El asunto es, desde luego, algo más complejo de lo que con esta introducción hemos planteado. La división religiosa dentro de la Iglesia de Occidente se venía gestando desde varios siglos atrás a través de las “herejías” cátara, valdense y husita, que fueron duramente reprimidas durante las últimas centurias medievales. Estas propuestas heterodoxas surgieron en la periferia de la Iglesia, pero en su núcleo duro la división también alcanzó unos niveles que no se veían desde hacía casi un milenio, con el “Cisma de Occidente” (1378–1417).

Los últimos siglos medievales europeos fueron muy violentos, la Guerra de los Cien Años (1337-1453) entre Francia e Inglaterra, los combates asociados al Cisma de Occidente, la Guerra de las dos rosas (1455-1487), en Inglaterra, las inquisiciones Episcopal y Pontificia (no confundir con la española, que es posterior y que estuvo siempre sometida a la autoridad de los monarcas), que se cobraron las vidas de miles de “herejes”, especialmente en Francia. Durante los siglos XIV y XV el modelo social y político que había regido en Europa desde la caída del Imperio Romano de Occidente se caía a pedazos. El pasado no acababa de irse y el futuro no acababa de llegar. Los dos poderes universales (Papado e Imperio) eran cada vez más cuestionados, tanto desde dentro de sus propias filas (durante el Cisma de Occidente hubo dos papas disputándose -uno en Roma y otro en Avignon- la hegemonía dentro de la Iglesia) como desde los sectores más periféricos de la sociedad.

En el núcleo duro del poder europeo había facciones que apostaban claramente por la superación del modelo imperante. Este sector estaba liderado por el rey de Francia y contaba con la ayuda de los de Castilla y de Aragón. Eran estos los apoyos más firmes con los que contaba el Papa de Avignon. Era el bando de los estados emergentes de Europa en la Baja Edad Media, de los que empujaban para crear un nuevo orden basado en los estados-nación, para enterrar al feudalismo que aún resistía, apoyándose en las clases burguesas de las ciudades.

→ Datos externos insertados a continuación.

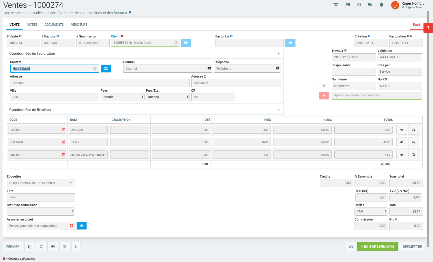 Vous cliquez maintenant sur la ligne qui s'affiche pour amener la Vente numéro 1000274 à l'écran...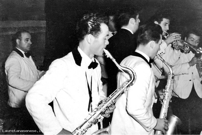 Tutti e 5 i protagonisti dell'animazione musicale degli anni '50, insieme sul palco del Teatro Ravvivati. Questi personaggi, oltre a far parte della Filarmonica Giuseppe Verdi, erano sempre pronti a suonare ad ogni occasione che gli si presentasse.

Pero, como también hemos visto, había alternativas menos aristocráticas y más populares, cuya expresión ideológica se había ido concretando a través de las diferentes propuestas “heréticas” medievales y que habían sido reprimidas sin piedad. Los que aún mantenían viva la llama de la resistencia habían tenido que ocultar su compromiso con la causa para poder seguir viviendo y van estructurando un discurso que cuestiona la validez de los valores morales que sostienen al orden feudal. Conectan con Dios desde la soledad de su mundo interior, reforzando así ese discurso subjetivista que será finalmente explicitado por Martín Lutero.

Vemos, por tanto, como el asunto viene de lejos y tiene un trasfondo social indudable. ¿Cómo se estructura la resistencia contra la ética -“objetiva”- imperante? Pues desde la “subjetividad” de los sectores más combativos de la sociedad, desde la “protesta” (de ahí el calificativo de “protestantes” que le endosan los defensores del orden constituido) contra los elementos más conservadores de la misma, que se concreta en las famosas 95 tesis de Lutero.

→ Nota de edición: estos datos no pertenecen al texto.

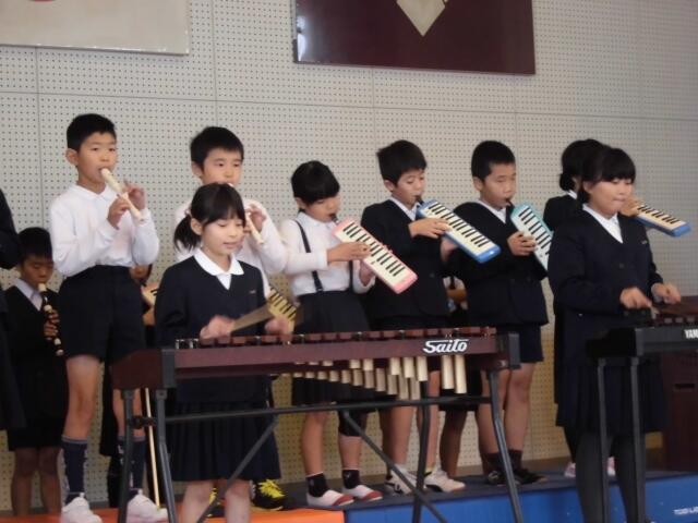 今日は西諸音楽大会本番です。朝、少々緊張した表情でバスに乗り込んでいました。発表本番では、表情豊かに元気良く堂々とした発表ができたようです。舞台背景の色と紺色の制服の組み合わせで、子どもたちが、とても凛々しく感じます。これまでの練習、そして本番、本当によくがんばりました。

A lo largo del siglo XVI se produce un reagrupamiento de fuerzas en toda Europa. Ya hemos dicho que hay gente cuestionando el modelo social vigente, en todos los niveles de la estructura social. Hay monarcas muy poderosos (como el francés), los burgueses de las ciudades e, incluso, un sector importante tanto de la nobleza como del clero (especialmente en Alemania), no olvidemos que quien -finalmente- construye el discurso alternativo es un monje agustino.

Los conflictos más encarnizados que tienen lugar en Europa tras la expulsión de España de los Benimerines (1344) tendrán ya lugar en suelo francés o en los alrededores de este país. La Guerra de los Cien Años, las diversas contiendas libradas (antes y después) entre Francia e Inglaterra, Francia y el Ducado de Borgoña o Francia y emperador alemán (también la guerra civil castellana de 1366-1369, que puede ser considerada como un frente secundario de la Guerra de los Cien Años) nos revelan que la emergencia de la nación gala estaba provocando terremotos intensos a su alrededor. Como consecuencia empieza a tejerse en su entorno una malla de contención a la que llamé la “Camisa de Fuerza francesa”. Los viejos defensores del orden medieval se van dando cuenta de que si desean sobrevivir tienen que forjar nuevas alianzas con algunas de las fuerzas emergentes que van surgiendo en Europa. Había que contener a Francia como fuera, y la larga serie de conflictos que enumeramos más arriba habían dejado meridianamente claro que no era suficiente con la alianza establecida entre Inglaterra, el conglomerado flamenco-borgoñón y el emperador alemán (cada vez más contestado en su propia zona de influencia política).

Durante el último cuarto del siglo XV, la unión política llevada a cabo por castellanos y aragoneses convirtió a España en un estado de primer nivel dentro del nuevo orden político europeo. El descubrimiento de América llevado a cabo por una expedición castellana y, sobre todo, los choques armados que tuvieron lugar en Italia entre españoles y franceses, pusieron claramente de relieve que nuestro país se había convertido en el adversario más temible de la nación gala en el contexto europeo. La alianza con España se revela como la apuesta más segura para la defensa de la vieja constelación de fuerzas que habían sostenido en el pasado a los dos poderes universales. El matrimonio entre Felipe el Hermoso y la princesa Juana de Castilla terminará poniendo en las sienes del hijo de ambos (Carlos I de España y V de Alemania) las coronas de España, del conglomerado flamenco-borgoñón, de Austria y también del Imperio alemán. A partir de 1517 España se dedicará, durante casi doscientos años, a contener el avance francés por sus fronteras orientales, rompiendo así la estrategia expansiva de nuestros vecinos septentrionales.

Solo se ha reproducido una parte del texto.